Despite being a very rare disease, hepatosplenic candidiasis is the most frequent form of chronic disseminated candidiasis (CDC) and typically occurs in patients with hematological malignancies and long-lasting neutropenia [19,20,153]. CDC is now considered as a fungal immune reconstitution inflammatory syndrome (IRIS), because of the lack of microbiologically active lesions (often documented by negative cultures of liver biopsies and rare documentation of recent candidemia episodes), contrasting with a major inflammatory reaction and high levels of immune activation [153]. Following the hypothesis that CDC may be driven by IRIS, the use of concomitant glucocorticosteroids may be considered for the management of this condition, along with long-term antifungals [22].

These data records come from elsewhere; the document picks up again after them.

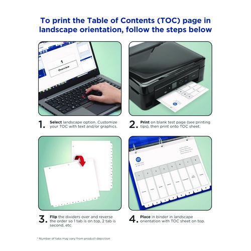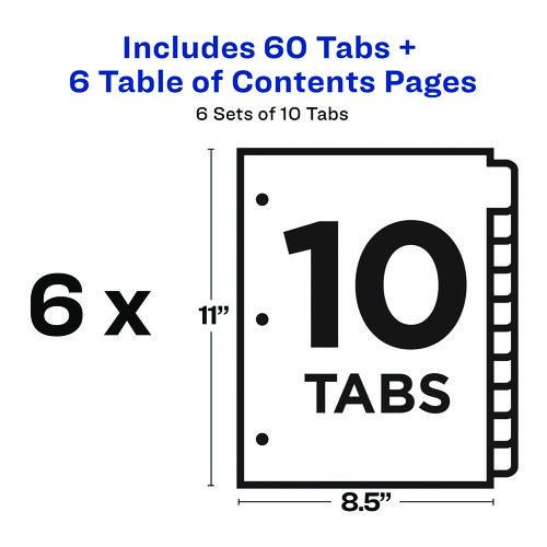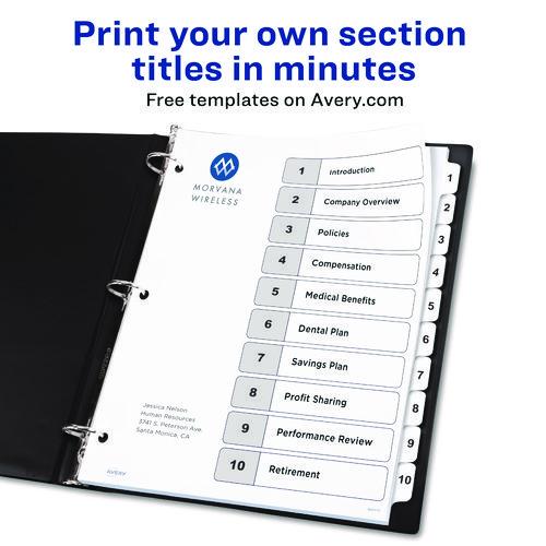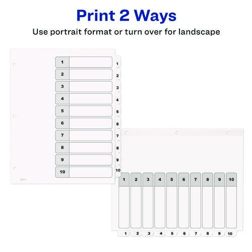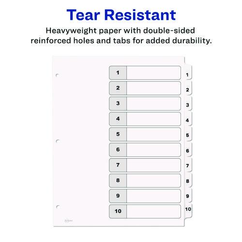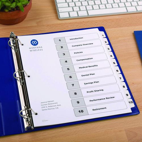 Product Details** Global Product Type Printed Numeric Index Dividers Index Divider Style Arabic Numeric Tab Orientation Side Tab Tab Style 10-Tab Color Family White Punched/Unpunched 3-Hole Punched Index Divider Size 11 x 8.5 For Use With Ring Binders Index Divider Material(s) Paper Index Divider Color(s) White Tab Color(s) White Tab Title(s) 1 to 10 Tab Title Color(s) Black Binding Edge Feature(s) Double-Sided Clear Plastic Edge Reinforcing Machine Compatibility Inkjet Printers,Laser Printers Index Divider Form Quantity 6 Sets Product Biodegradability in Days 0 Pre-Consumer Recycled Content Percent 0% Post-Consumer Recycled Content Percent 0% Total Recycled Content Percent 0% Country Of Origin MX Carton Weight 10 lbs. Carton Pack Quantity 8 PK Pack Quantity 6 EA UPC 072782118235 UNSPSC 44122010 Shipping Weight & Item Dimensions Weight 1.1 lbs. Length 11.106 in Height 0.794 in Width 8.918 in
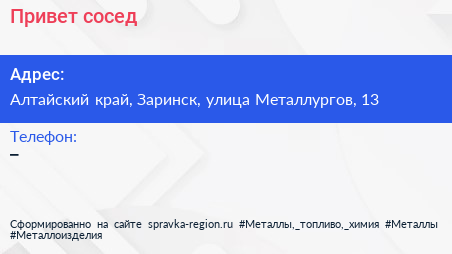 Привет, сосед! по адресу Алтайский край, Заринск, улица Металлургов, 13 в дальнейшем Организация, размещена в следующих категориях: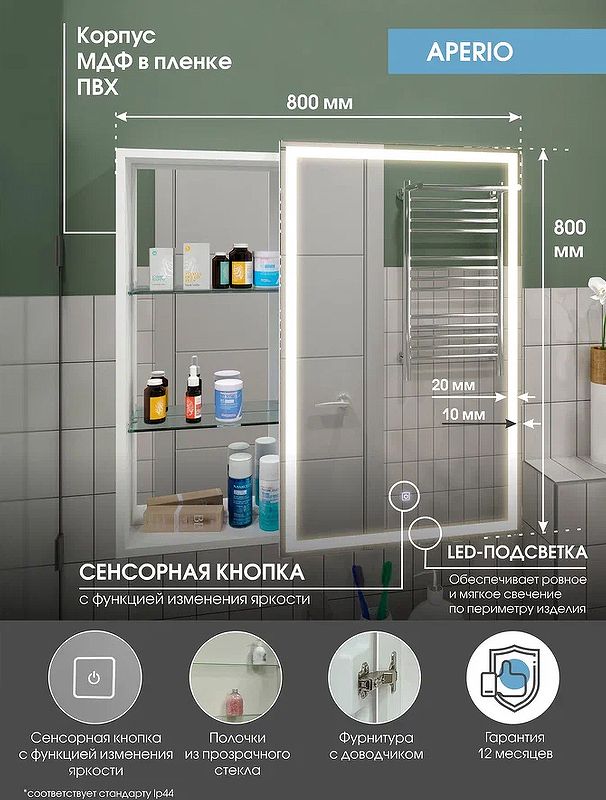 Зеркальный шкаф с подсветкой Misty Аперио 80см правый белый купить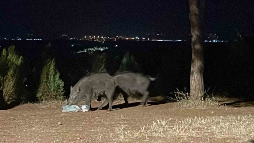Çukurova Üniversitesi yerleşkesine akşam vakti gelip çöp karıştıran domuzlar öğrencileri korkuttu.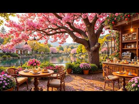 Morning Spring Jazz 🌸 Gentle Jazz Music at Cozy Outdoor Coffee Shop Ambience for Mood Booster, Study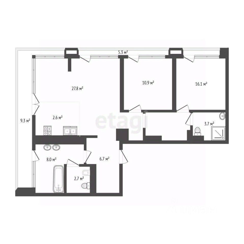 30 кв.м площадь кухни-гостиной, две комнаты 11 кв.м и 16кв.м, два санузла и гардероб. Прекрасная террасса по всему периметру квартиры, выход на которую осуществляется с каждой комнаты.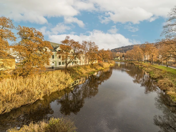 - Bestemming: Informatiebord Schwarzes Roß/Rote Brücke op de kruising van de Nossenerstraße en de Wehrstraße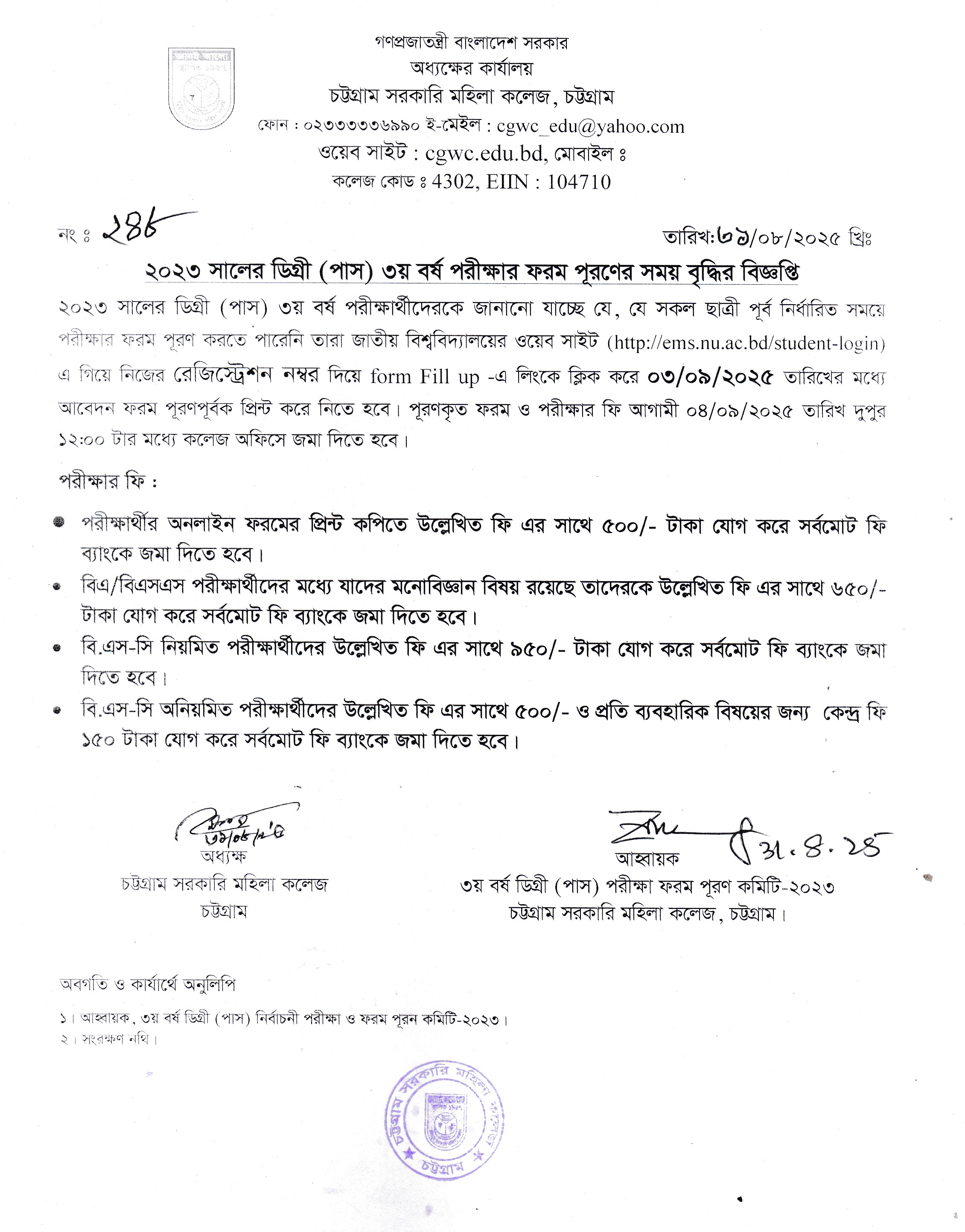 ২০২৩ সালের ডিগ্রী (পাস) ৩য় বর্ষ পরীক্ষার ফরম পূরণের সময় বৃদ্ধি সংক্রান্ত বিজ্ঞপ্তি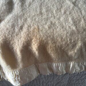Preloved Condition with some minor small stains (I did not try to get the stains out before I washed but was not put into the dryer so might come out). There is one patch that looks a bit darker. There is a picture, however in person it is not as noticeable. The other call out is 2 small tears on the trimming. Please look at pictures and feel free to send me a message with any questions. Considering the age of the blanket, I am impressed with the condition of it. No fraying on the edges at all.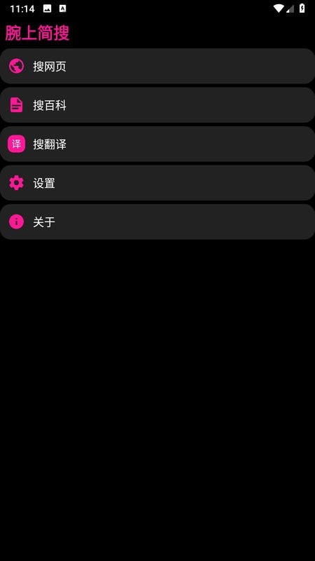 腕上简搜最新版是适用于智能手表的搜索工具,界面高清清爽,功能强大,支持搜网页、搜百科、搜翻译,还内置必应、百度引擎选择,可以随你自由设置,在线搜索访问,轻松浏览,操作便捷,反应迅速,好用又实用,有需要的伙伴快来体验吧!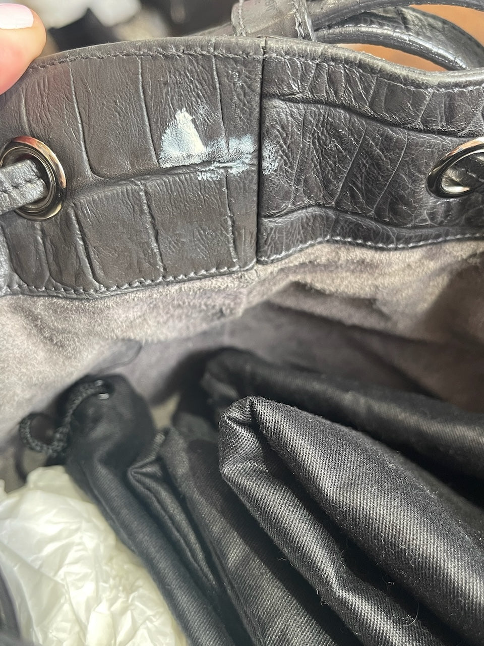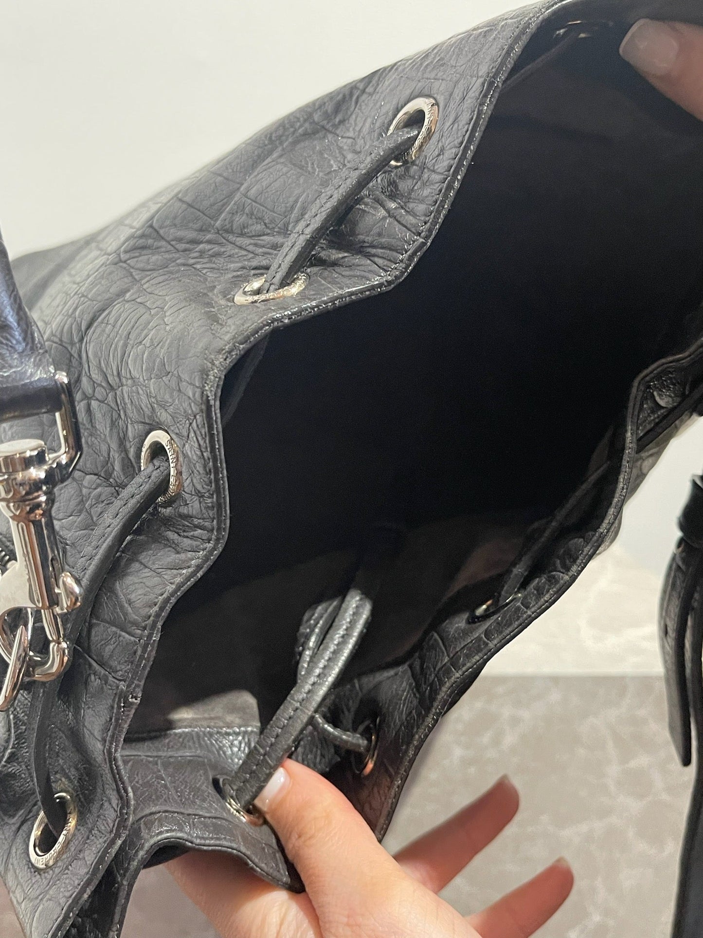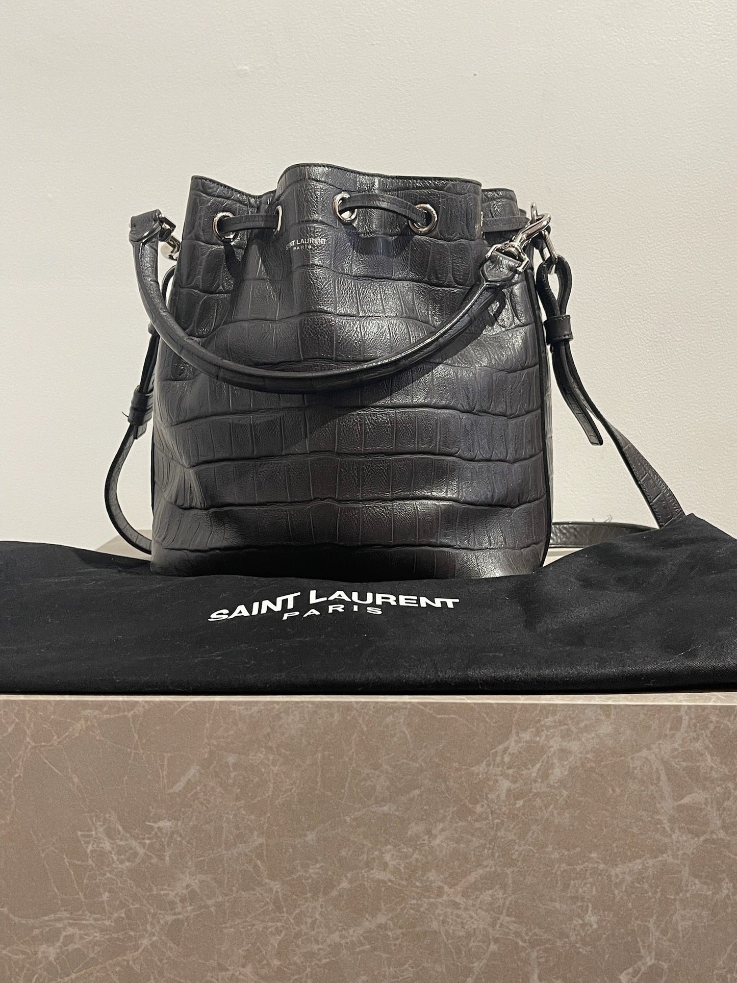 Sac seau en cuir embossé serpent gris avec petite anse sur le dessus pour un porté main et bandoulière ajustable et amovible pour un porté crossbody. Fermeture à lien. Poche latérale zippée.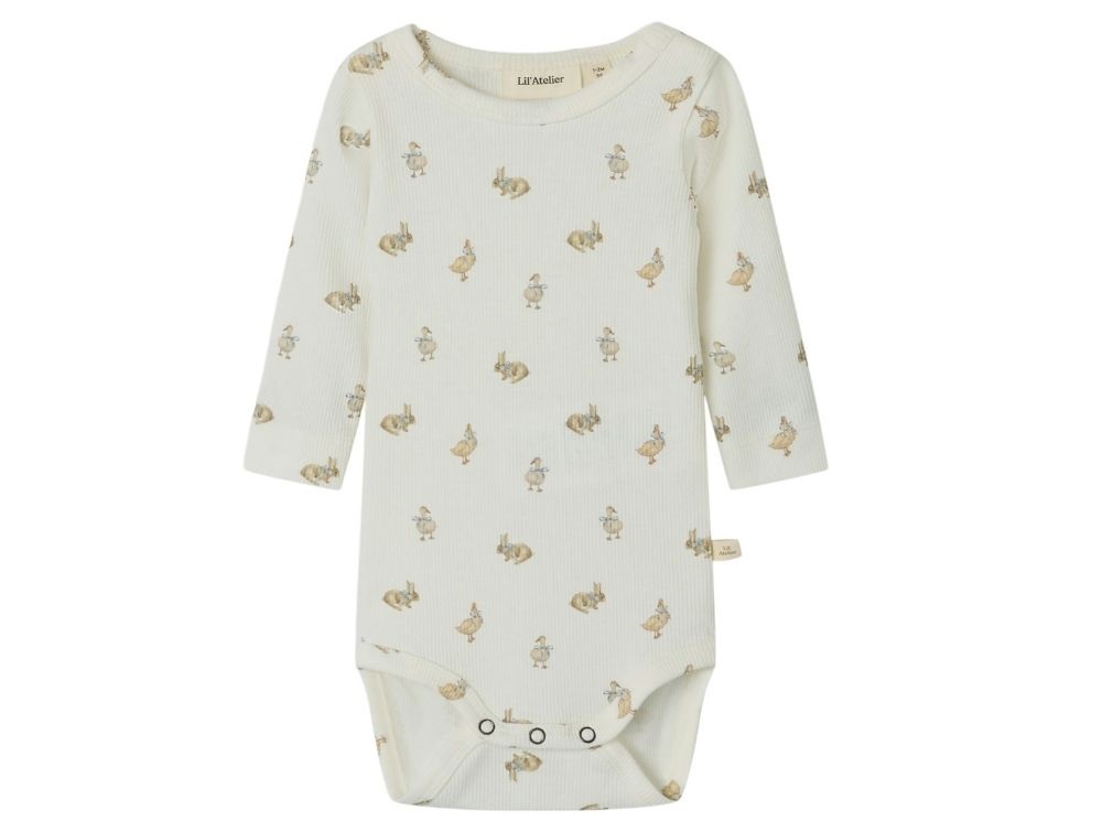 Body i farven coconut milk med print af ænder og harer fra Lil' Atelier.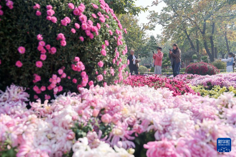 10月29日,市民在山东省临沂市国际雕塑公园赏菊花。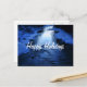 Glad helg vykort med blå snöströ vid kvällskymning i vackert vinterläge.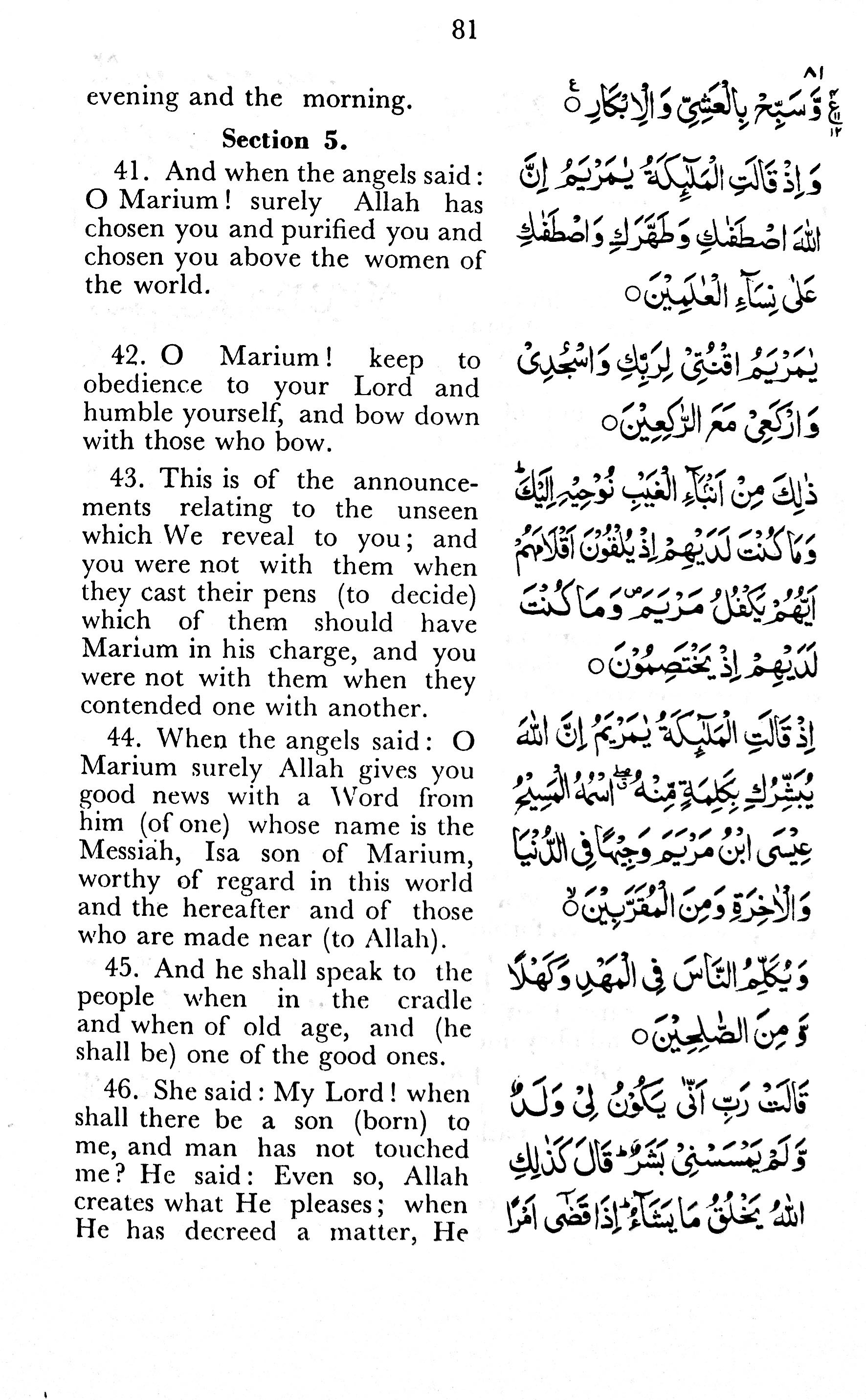 44. When the angels said: O Marium surely Allah gives you good news with a Word from him (of one) whose name is the Messiah, Isa son of Marium, worthy of regard in this world and the hereafter and of those who are made near (to Allah).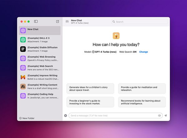 BoltAI is a native ChatGPT app for Mac. It allows you to integrate AI assistances into your daily tasks.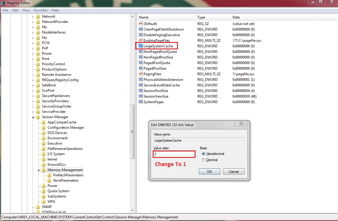 SYSTEM\CurrentControlSet\Control\Session Manager\Memory Management\LargeSystemCache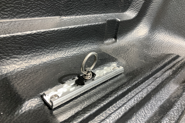 Tie down Rails for securing load in tub.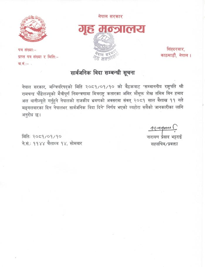 » सार्वजनिक बिदा सम्बन्धी सूचना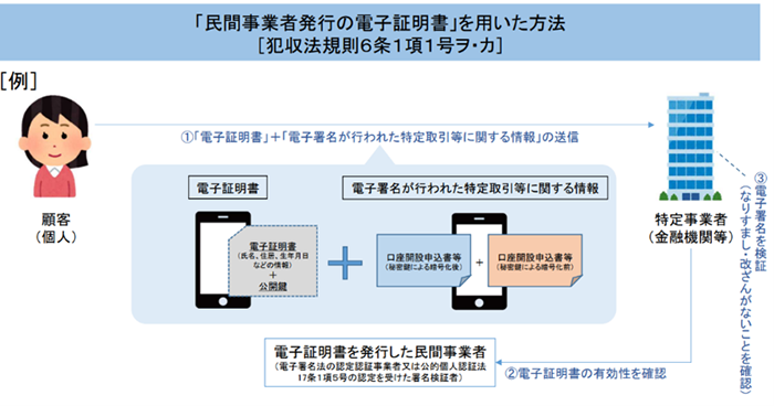 - 民間事業者発行の電子証明書を用いた方法 (該当条項 1 号ヲ・カ)

In most ICIs other than candidemia, a proper therapeutic approach includes an initial treatment regimen, usually with intravenous fungicidal and effective anti-biofilm agents such as echinocandins and liposomal AmB [94,137]. Being hydrophilic agents, the former may have poor penetration across the blood-brain barrier, in the vitreous, and in the mesothelial cavities. Consequently, in the presence of deep-seated infections involving these body sites, fluconazole, voriconazole or liposomal AmB may be valuable alternatives or add-on therapies [159]. In any case, as soon as clinical improvement, and clearance of a possible concomitant candidemia have been achieved with the initial treatment, intravenous or oral azoles, usually fluconazole or voriconazole, are the agents of choice for maintenance therapy [160]. Various forms of source control are of paramount importance in many instances: surgical or percutaneous drainage or debridement, such as in secondary peritonitis or intrabdominal abscesses [158,161], and device removal with or without replacement, such as in prosthetic valve endocarditis or shunt-related meningitis [94,132,150]. Peripheral vein thrombophlebitis, an infectious process that involves adventitia, intima, and adjacent thrombus, requires debridement or phlebotomy in most instances [144]. On the other hand, in central vein septic thrombosis, which involves almost only the thrombus, anticoagulation, and antifungal therapy allow clinical cure in most cases [145,161].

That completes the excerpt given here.